# [Work item]
All lines below between the line with "张文学直奔图书馆四楼自习室,边走边看员工" and the line with "Kafle cementowe ARTICIMA", including both, must be copied exactly, and the pictures must be omitted.

# [Data for processing]
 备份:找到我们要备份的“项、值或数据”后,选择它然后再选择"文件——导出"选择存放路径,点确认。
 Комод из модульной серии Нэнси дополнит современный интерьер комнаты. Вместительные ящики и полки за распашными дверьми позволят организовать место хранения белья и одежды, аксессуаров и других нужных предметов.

---

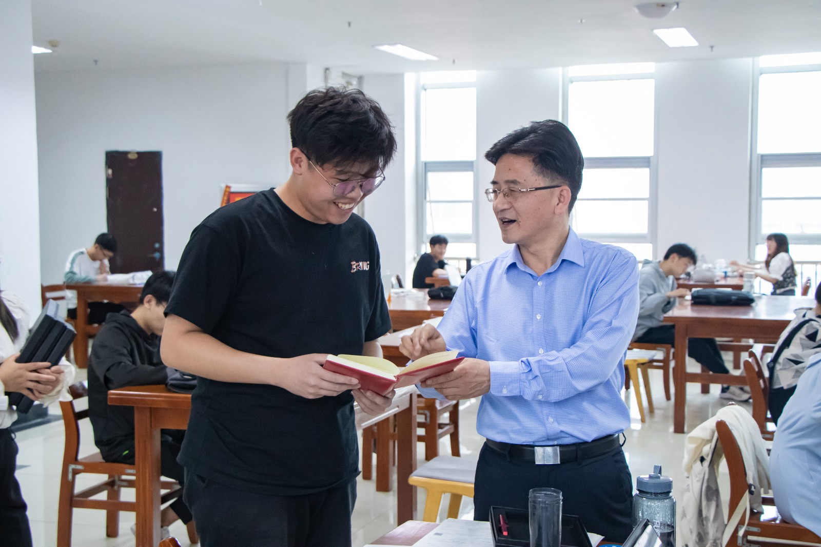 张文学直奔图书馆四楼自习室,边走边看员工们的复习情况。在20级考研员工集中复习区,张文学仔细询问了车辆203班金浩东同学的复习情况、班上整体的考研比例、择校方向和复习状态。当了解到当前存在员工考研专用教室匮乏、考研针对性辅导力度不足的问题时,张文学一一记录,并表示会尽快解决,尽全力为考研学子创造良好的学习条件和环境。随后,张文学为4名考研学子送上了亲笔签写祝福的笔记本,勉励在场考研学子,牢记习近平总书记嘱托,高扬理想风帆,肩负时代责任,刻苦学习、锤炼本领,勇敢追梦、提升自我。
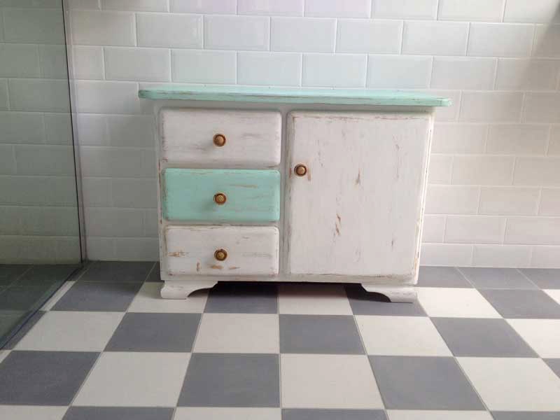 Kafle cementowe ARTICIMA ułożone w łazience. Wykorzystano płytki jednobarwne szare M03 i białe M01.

==

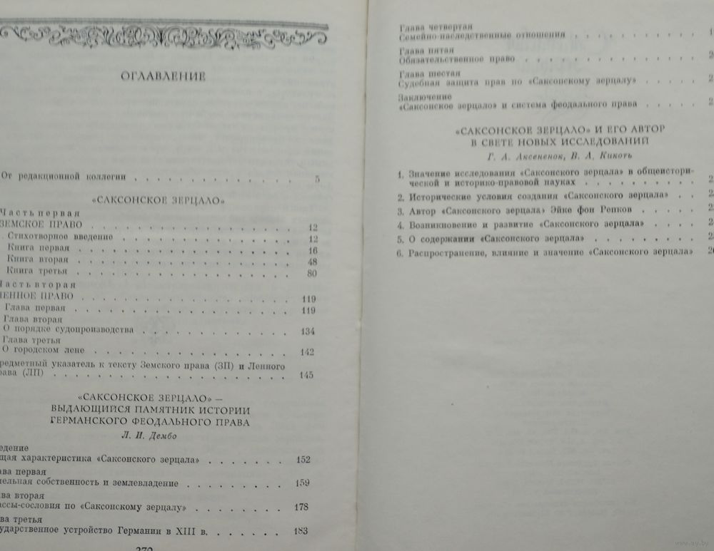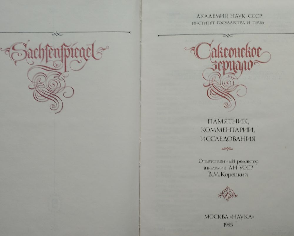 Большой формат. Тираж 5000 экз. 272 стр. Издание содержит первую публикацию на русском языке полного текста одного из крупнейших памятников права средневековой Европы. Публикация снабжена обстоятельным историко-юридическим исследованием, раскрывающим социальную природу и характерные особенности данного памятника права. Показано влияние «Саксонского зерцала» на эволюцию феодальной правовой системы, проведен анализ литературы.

# [Expected answer]
 张文学直奔图书馆四楼自习室,边走边看员工们的复习情况。在20级考研员工集中复习区,张文学仔细询问了车辆203班金浩东同学的复习情况、班上整体的考研比例、择校方向和复习状态。当了解到当前存在员工考研专用教室匮乏、考研针对性辅导力度不足的问题时,张文学一一记录,并表示会尽快解决,尽全力为考研学子创造良好的学习条件和环境。随后,张文学为4名考研学子送上了亲笔签写祝福的笔记本,勉励在场考研学子,牢记习近平总书记嘱托,高扬理想风帆,肩负时代责任,刻苦学习、锤炼本领,勇敢追梦、提升自我。
 Kafle cementowe ARTICIMA ułożone w łazience. Wykorzystano płytki jednobarwne szare M03 i białe M01.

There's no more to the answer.